In conclusion, resistance training can provide numerous benefits for both physical and mental health. From improved body composition and increased strength and functionality, to reduced risk of falls and improved cardiovascular health, the benefits of resistance training are vast. Additionally, resistance training has been linked to increased longevity, making it an important consideration for those looking to maintain optimal health as they age. As with any form of exercise, it is important to approach weightlifting with caution and to listen to the body's limits. However, for those looking to improve their overall health and well-being, incorporating resistance training into their exercise routine is a valuable consideration.


References

  • Babyak, M., Blumenthal, J., Herman, S., Khatri, P., Doraiswamy, M., Moore, K., … Krishnan, K. (2000). Exercise treatment for major depression: Maintenance of therapeutic benefit at 10 months. Psychosomatic Medicine, 62(5), 633-638.

  • Colcombe, S., & Kramer, A. F. (2003). Fitness effects on the cognitive function of older adults: a meta-analytic study. Psychological Science, 14(2), 125-130..

  • Ferraro, R., Moore, D., & Azevedo, J. (2012). The impact of resistance training on resting metabolic rate: A systematic review. Journal of Strength and Conditioning Research, 26(8), 2293-2307.

  • Gómez-Cabello, A., Heredia-Muñoz, J., González-Agüero, A., Casajús, J. A., & Ortega, F. B. (2013). The effect of strength training on balance and falls in older people: A systematic review. Age and Ageing, 42(6), 673-679.

  • Kemmler, W., von Stengel, S., Engelke, K., Haber, P., & Kalender, W. A. (2013). The combination of high-intensity strength and endurance training improves insulin sensitivity in elderly men. Aging Clinical and Experimental Research, 25(5), 493-500.

  • Kohrt, W. M., Bloomfield, S. A., Little, K. D., Nelson, M. E., Yingling, V. R., & Gillis, D. E. (2004). Resistance exercise in individuals with and without cardiovascular disease: 2007 update: A scientific statement from the American Heart Association Council on Clinical Cardiology and Council on Nutrition, Physical Activity, and Metabolism. Circulation, 116(5), 572-584.

  • Liu, C. J., Liao, Y. C., Chen, C. Y., & Chen, Y. C. (2015). Resistance training and the risk of cancer mortality: A population-based cohort study. Medicine & Science in Sports & Exercise, 47(3), 564-572.

  • Phillips, S. M., Tarnopolsky, M. A., & Parise, G. (2015). Resistance training for health and longevity. Exercise and Sport Sciences Reviews, 43(4), 153-162.
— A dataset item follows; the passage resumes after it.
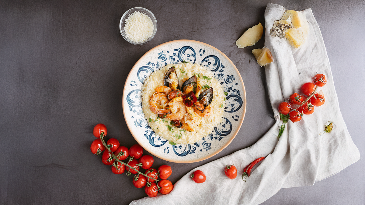 Orez Arborio, supă de legume (morcov, păstârnac, țelină, ceapă, ardei gras), creveți cu codiță**, inele de calamar**, scoici în cochilie**, parmigiano reggiano D.O.P., unt 82%, vin alb, ceapă albă, usturoi, pătrunjel, ulei de măsline ev, piper, sare
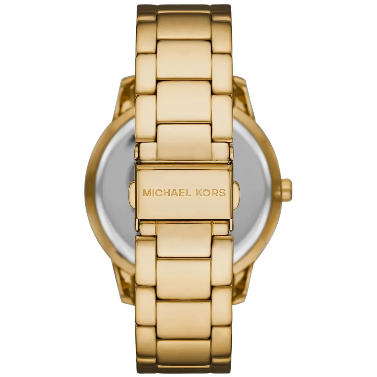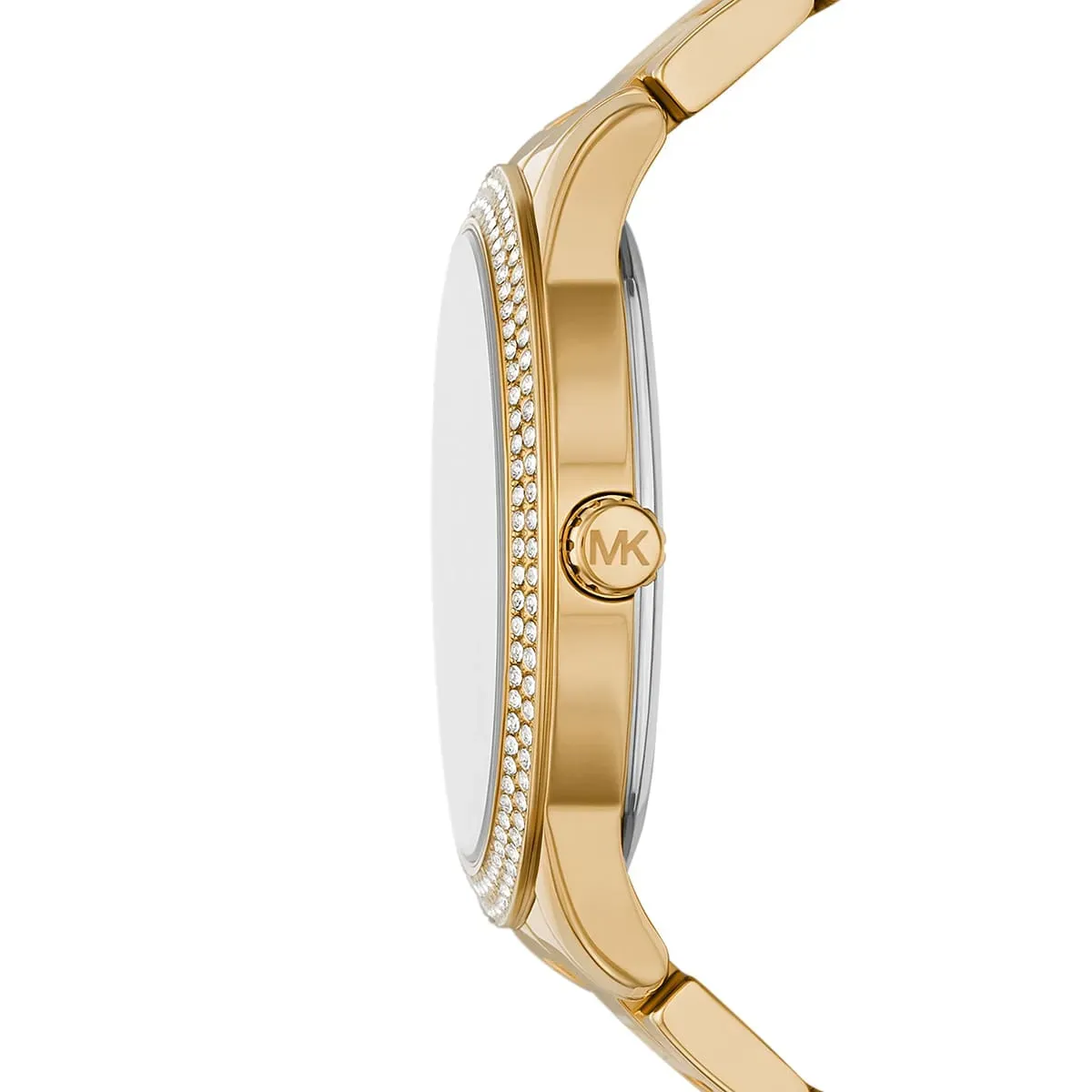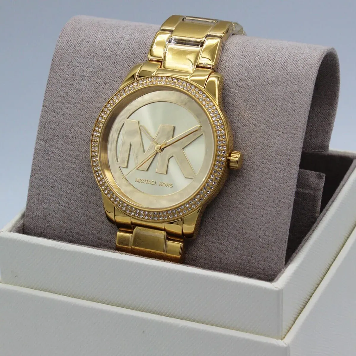 MK Tibby LogoGlow features a full gold-tone stainless steel bracelet with a dial showcasing the iconic MK logo, enhanced with sparkling crystal embellishments. A bold and fashionable choice for women who love standout accessories.

  • Saremi, A., Gharakhanlou, R., Sharghi, S., Gharaati, M. R., & Larijani, B. (2014). The effects of exercise on sleep quality and quantity in older adults: a systematic review and meta-analysis. Sleep Medicine Reviews, 18(5), 469-478

  • Weigle, D. S., Self, B., Schwartz, M. W., Westphal, S. A., & Leidig, M. M. (2005). A high-protein diet elicits sustained reductions in appetite, ad libitum caloric intake, and body weight despite compensatory changes in diurnal plasma leptin and ghrelin concentrations. The American Journal of Clinical Nutrition, 82(1), 41-48.